F. Brunea-Fox (born Filip Brauner; January 18, 1898 - June 12, 1977) was a Romanian reporter, journalist and translator.

Born into a Jewish family in Roman, his parents were Simcha Brauner and Leia (née Gelbert). He attended high school in Bucharest, followed by one year at the University of Bucharest. He made his debut in Versuri și proză magazine in 1915, writing under the pseudonym Pan. He wrote surrealist poems and sketches for unu and Integral, and his work also appeared in Absolutio, Arena, Zări senine, 75 H. P., Punct, Adam, Reporter, Mântuirea, Izbânda, Jurnalul de dimineață, România Liberă, Scînteia, Viața Românească, Flacăra, Magazinul, Viața militară, Contemporanul, România Literară, Veac nou, Presa noastră, La Roumanie d’aujourd’hui and Îndrumătorul cultural. He was a correspondent for the Buenos Aires–based Lasso and for a Japanese newspaper.
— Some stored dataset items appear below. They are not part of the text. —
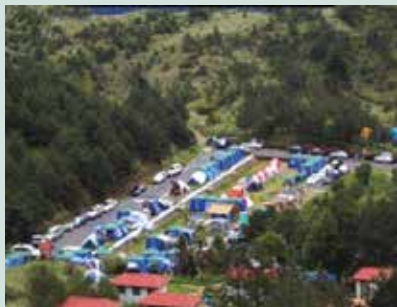
露營區以生態景觀吸引遊客前往，每逢假日人潮湧入，非常熱鬧。
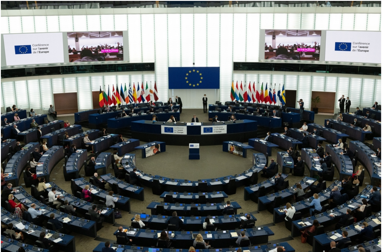
Sessione plenaria inaugurale della Conferenza, emiciclo del Parlamento europeo, Strasburgo

La sessione plenaria inaugurale della Conferenza sul futuro dell'Europa, alla quale hanno partecipato 377 membri, si è svolta in formato ibrido (in presenza e online) il 19 giugno 2021.
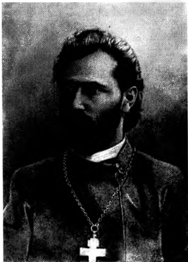
Георгий Гапон. Петербург, 1905 г.

A dedicated reporter, Brunea-Fox became known for his work published in Dimineața, Adevărul and Jurnalul, which appeared in book form as Orașul măcelului (1944), and posthumously as Reportajele mele. 1927- 1938 (1979) and Memoria reportajului (1985). After the Coup of 1944 against the country's pro-Axis dictator, he edited Îndrumătorul cultural. His pseudonym came from the newsreels of Fox Movietone, which he enjoyed. Other names he used include Filip Brunea, Fox, Mac and Potomac. Jurnalul rebeliunii, a description of the January 1941 Bucharest pogrom, is among the few Holocaust accounts published in immediate postwar Romania. He also published Porturi dunărene (1957) and Hârca piratului (1965). He helped shape a new style of literary reporting, which influenced the young Geo Bogza, as well as several writers who came to prominence in the 1970s. Writers whom he translated into Romanian include Paul Louis Courier, Pierre Daninos, Lion Feuchtwanger, Robert Louis Stevenson and Gabriel Chevallier. He died in Bucharest.